# Locos will not consist



## Santafe_man (Mar 18, 2014)

I have 2 locos with NCE decoders installed which I cannot program into a consist. They don't react when the command is sent to them (motor turn).
I am using NCE Cab controller.
Any ideas?

Thanks John.


----------



## DonR (Oct 18, 2012)

Thought sure one of the NCE guys would show up
with the answer to your problem.

You can consist DCC locos by assigning the
same address to both. That's what I do with
my Bachmann EZ DCC system. It does not
have the capability of setting CVs, as does
your NCE.

Don


----------



## redman88 (Nov 25, 2015)

I haven't played with consisting yet on my NCE. But have you look for you tube videos on the subject?

Here is a list I found. 


https://m.youtube.com/results?q=nce consisting &sm=3


----------



## Santafe_man (Mar 18, 2014)

Thankyou, I will watch some & see if they mention about a loco failing to consist. I might also read my NCE manual again to see if there is a factory default reset you can do.
The only problem with programming the same address is when you want to break the consist to run a loco by itself.


----------



## redman88 (Nov 25, 2015)

Santafe_man said:


> Thankyou, I will watch some & see if they mention about a loco failing to consist. I might also read my NCE manual again to see if there is a factory default reset you can do.
> 
> The only problem with programming the same address is when you want to break the consist to run a loco by itself.

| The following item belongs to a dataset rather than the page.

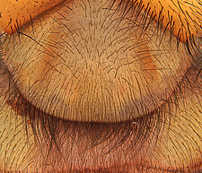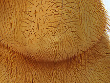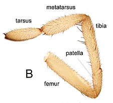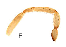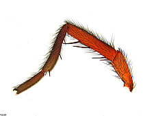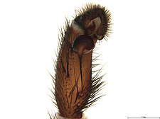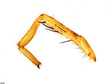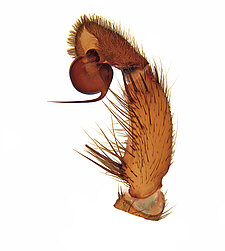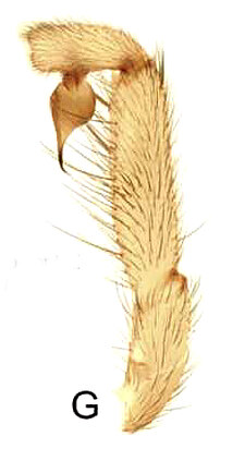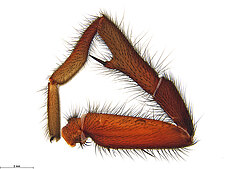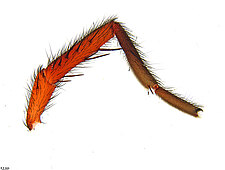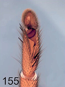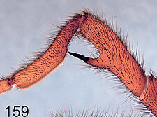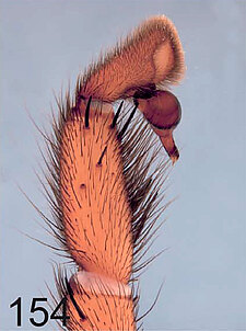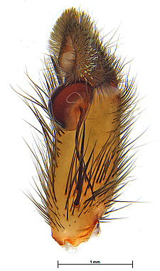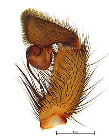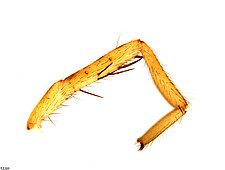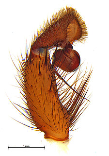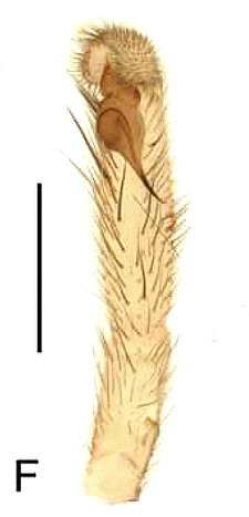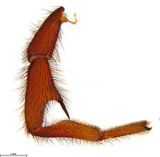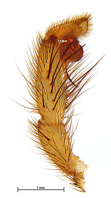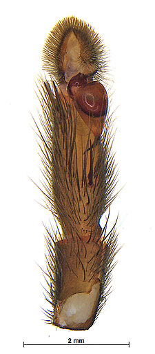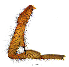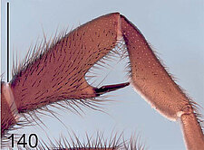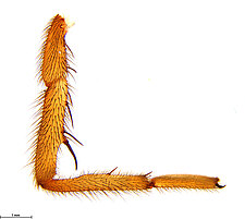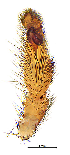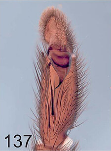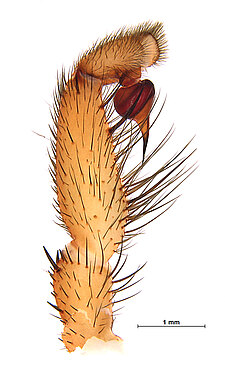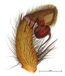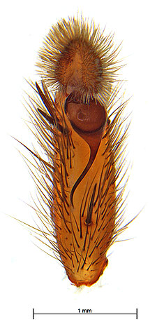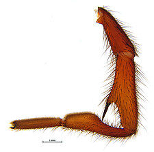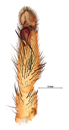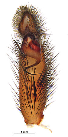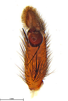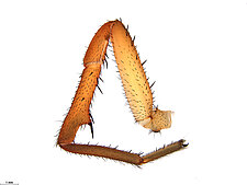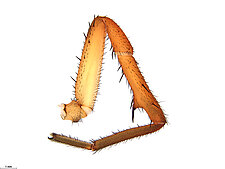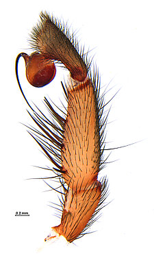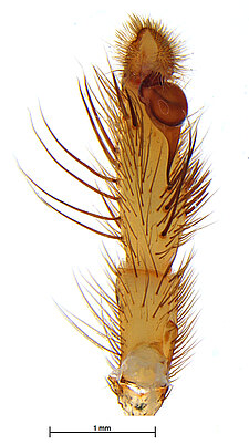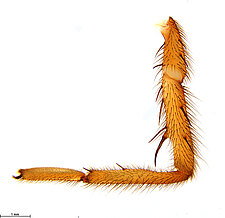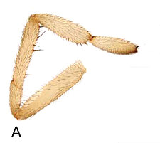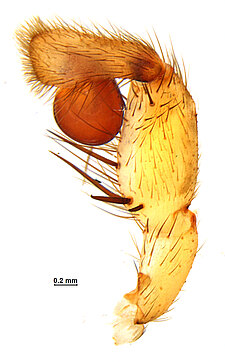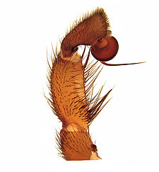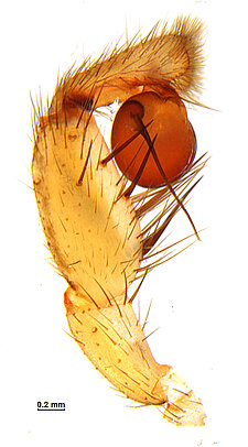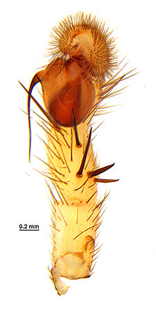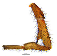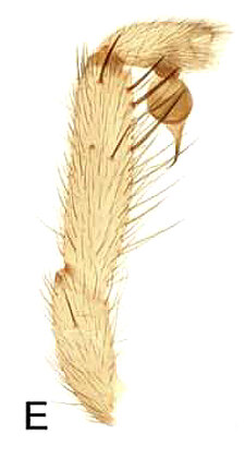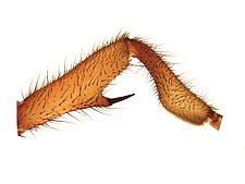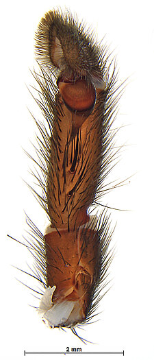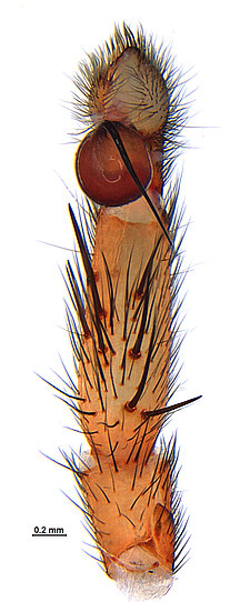 Males with an inflated tarsus of the first leg that carries a ventral pad of short, stubby, spine-like bristles forming a brush.

Cv8 to 8 is factory reset.


----------



## Santafe_man (Mar 18, 2014)

Thanks Redman88, some of the youtube videos were good to watch as well.


----------



## santafealltheway (Nov 27, 2012)

I was told by someone on here some locos will require a booster to get all programming functions to work.

sorry i cant be any more specific than that.


----------



## Mark R. (Jan 26, 2013)

santafealltheway said:


> I was told by someone on here some locos will require a booster to get all programming functions to work.
> 
> sorry i cant be any more specific than that.


Consisting is done on the main, not a programming track. 

Somebody correct me if I'm wrong, but I'm fairly certain NCE doesn't utilize consisting addresses like other systems. They use pre-determined consist address ranging from 112 to 127. Your manual "should" clarify this.

Mark.


----------



## Santafe_man (Mar 18, 2014)

I ended up deleting the locos even though I could not find them in a consist. I was then successful in consisting them on the programming track. 
You are right in saying that consists on NCE use addresses in the range of 127 down to 100. But you can't use a consist address in this range that is allocated to a individual loco.
Otherwise when you activate the consist you also activate the individual loco with the same address.


----------